Добавить в цитаты Настройки чтения

Страница 2 из 28

— Товарищ начальник! Я у вас от работы отказываюсь. Вы невинных людей сажаете. Это ужасно, то, что здесь делается.

Лапшин начал вдруг покорно улыбаться и с этой улыбкой встал из-за стола.

— Застенок здесь? — спросил он.

— Да, — сказал Окошкин, — это ужасно!

— Кого вы допрашиваете? — спросил Лапшин.

— По обвинению в вооруженном налете Чалова Ивана Федоровича, — скороговоркой сказал Окошкин, — Но он в налете участия не принимал, он душевнобольной. А мне приказывают…

— Пойдем! — сказал Лапшин.

Они вошли в комнату Окошкина.
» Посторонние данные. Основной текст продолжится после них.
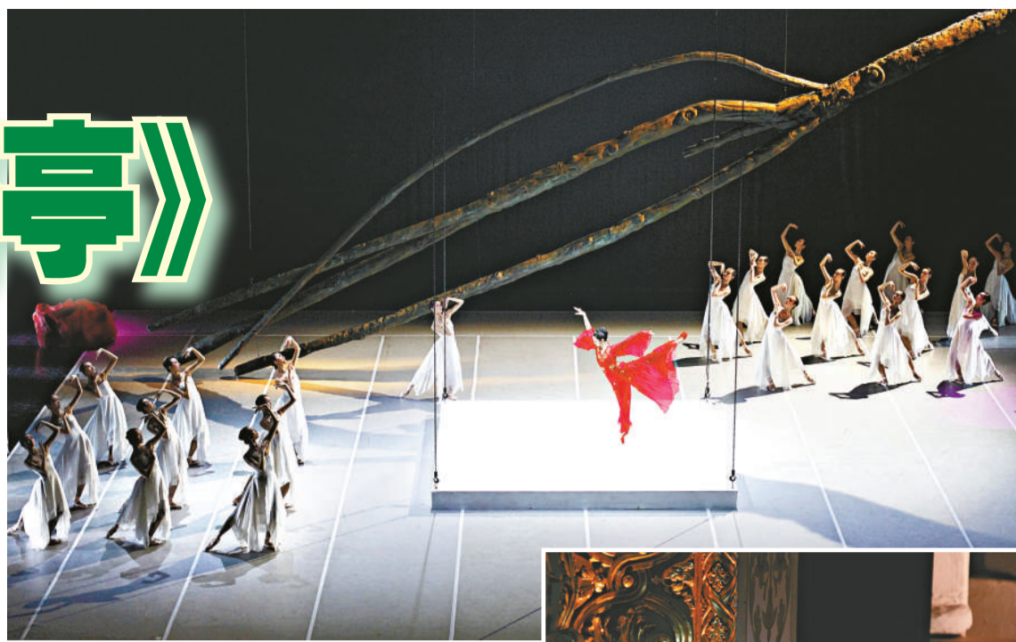
▲中芭芭蕾舞劇《牡丹亭》中，中間的「亭」會被吊上吊落

Чалов в шапке сидел за столом и, мелко нарывая бумагу грязными пальцами, ел кусочки один за другим.

— Хорошо, — при этом говорил он, — люблю, хорошо…

В глазах у него было отвращение, и кадык, как и все горло, содрогался от рвотных судорог.

— Встать! — сказал Лапшин.

Чалов встал.

— Узнаешь? — спросил Лапшин.

— Хорошо, — падающим голосом пробормотал Чалов, — люблю, хорошо…

Он подумал и прибавил:

— Семьдесят один.

Некоторое время Лапшин молча глядел на Чалова. Тот было еще протянул руку к бумаге, чтобы пожевать, но под влиянием взгляда Лапшина сжал пальцы в кулак.

— Был ты хороший вор, — сказал Лапшин, — и никогда не филонил. Взяли тебя — значит, и отвечай за дело. По мелкой лавочке идешь, Моня. Стыдно!

— Семьдесят один, — сказал Моня, — тридцать два, сорок.

— Ну и дурак! — сказал ему Лапшин. — Как был дурак, так и остался дураком.

Моня снял с головы шапку, бросил ее на пол, наступил на нее ногой и сказал одесским говорком:

— Начальничек, это-таки да Моня. Это не Чалов. Хорошему человеку завсегда объясню.

И он косо взглянул на Окошкина.

Моню увели в камеру, а Лапшин с Окошкиным просидели в кабинете часа полтора. Лапшин сидел на подоконнике, сосал папироску и говорил:

— Повел я этих офицеров. Ничего, идут. Довел до места, И спрашиваю, как в книжках читал: дескать, у кого имеется последнее желание? И тогда один господин, высокенький такой мужчина, усатый, мне заявляет: «Делайте ваше дело, господин пролетарий, потому что когда наши вас поставят, то, поверьте, не спросят, какое у вас желание…» О, брат, как!..

Они вышли из управления вместе, и Окошкин проводил Лапшина до самого дома.

— А то хочешь, пойдем ко мне? — сказал Лапшин. — Будем боржом пить…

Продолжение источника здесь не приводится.